--- SOURCE DATA Enclosed Below ---

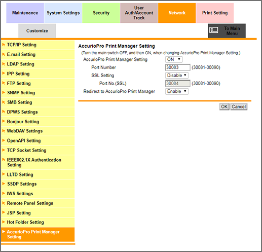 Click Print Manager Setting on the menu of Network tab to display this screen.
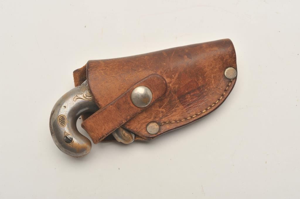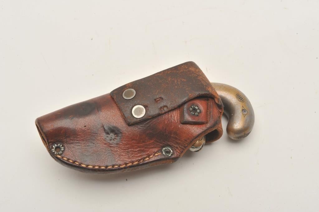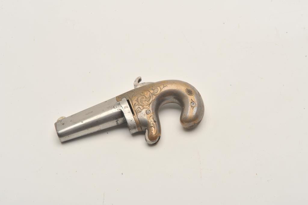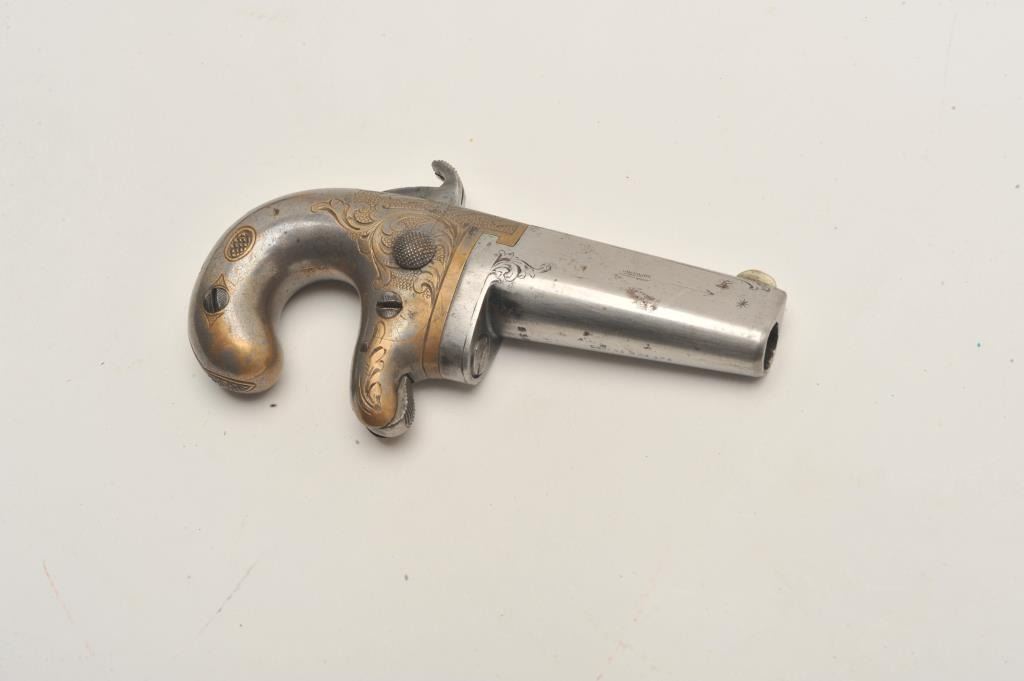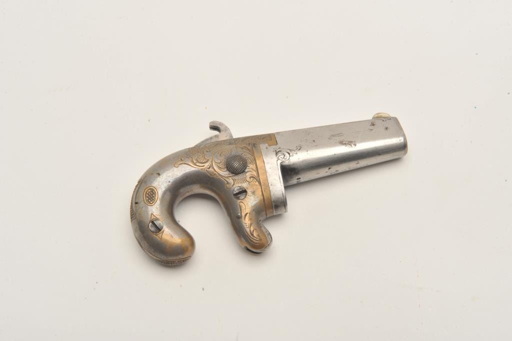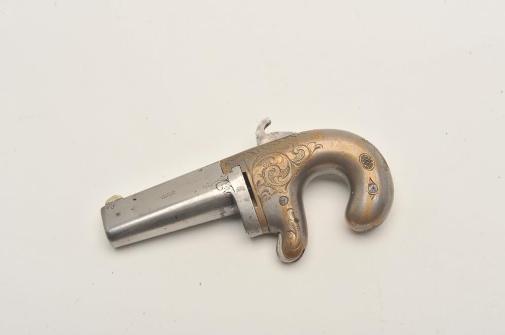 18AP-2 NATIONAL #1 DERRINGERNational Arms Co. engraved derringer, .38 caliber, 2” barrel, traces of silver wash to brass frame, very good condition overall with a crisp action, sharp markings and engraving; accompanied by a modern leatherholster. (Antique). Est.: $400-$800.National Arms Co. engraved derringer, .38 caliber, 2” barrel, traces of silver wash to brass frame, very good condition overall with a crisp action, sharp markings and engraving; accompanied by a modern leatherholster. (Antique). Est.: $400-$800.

--- End of Enclosed SOURCE DATA ---
--- SOURCE DATA Enclosed Below ---

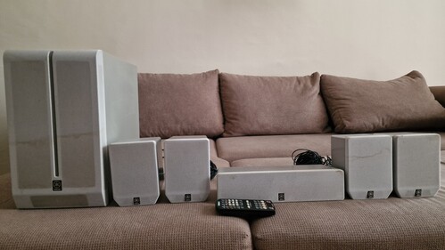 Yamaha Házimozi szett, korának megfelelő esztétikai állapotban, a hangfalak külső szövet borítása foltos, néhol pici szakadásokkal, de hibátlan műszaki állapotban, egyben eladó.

--- End of Enclosed SOURCE DATA ---
--- SOURCE DATA Enclosed Below ---

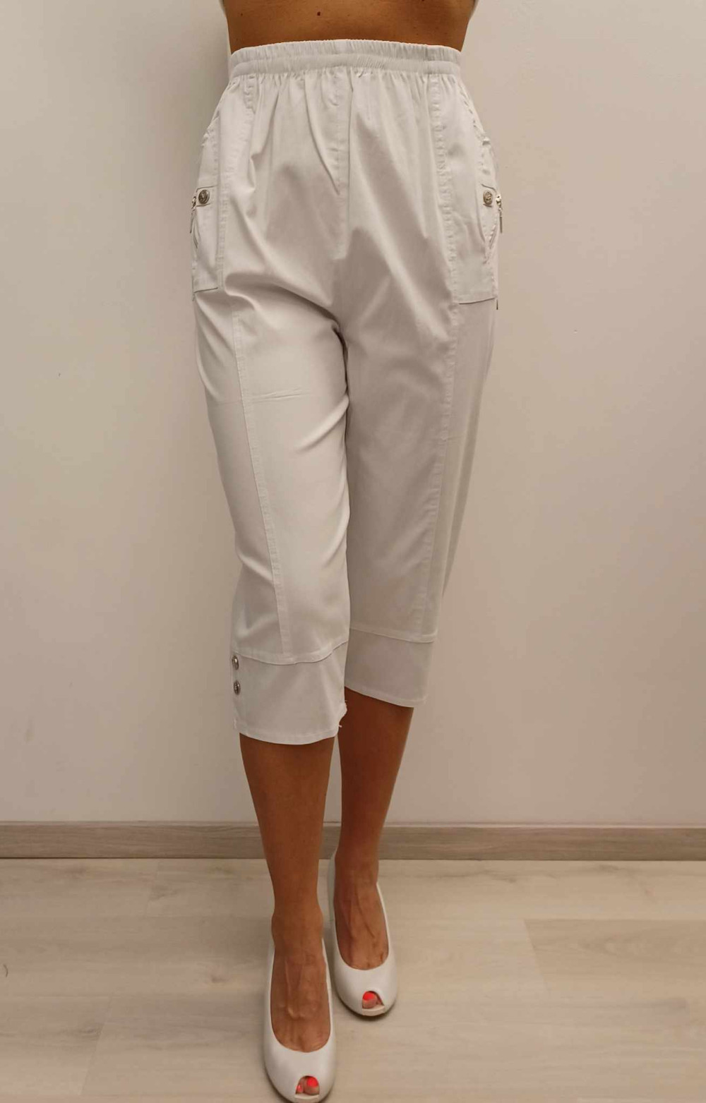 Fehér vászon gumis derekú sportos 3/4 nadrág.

--- End of Enclosed SOURCE DATA ---

> **ASSIGNMENT**
Transcribe, word for word, the stretch of lines in the data above from the one with "Click Print Manager" through the one with "18AP-2 NATIONAL #1"; omit all pictures.

> **ANSWER BOX**
 Click Print Manager Setting on the menu of Network tab to display this screen.
 18AP-2 NATIONAL #1 DERRINGERNational Arms Co. engraved derringer, .38 caliber, 2” barrel, traces of silver wash to brass frame, very good condition overall with a crisp action, sharp markings and engraving; accompanied by a modern leatherholster. (Antique). Est.: $400-$800.National Arms Co. engraved derringer, .38 caliber, 2” barrel, traces of silver wash to brass frame, very good condition overall with a crisp action, sharp markings and engraving; accompanied by a modern leatherholster. (Antique). Est.: $400-$800.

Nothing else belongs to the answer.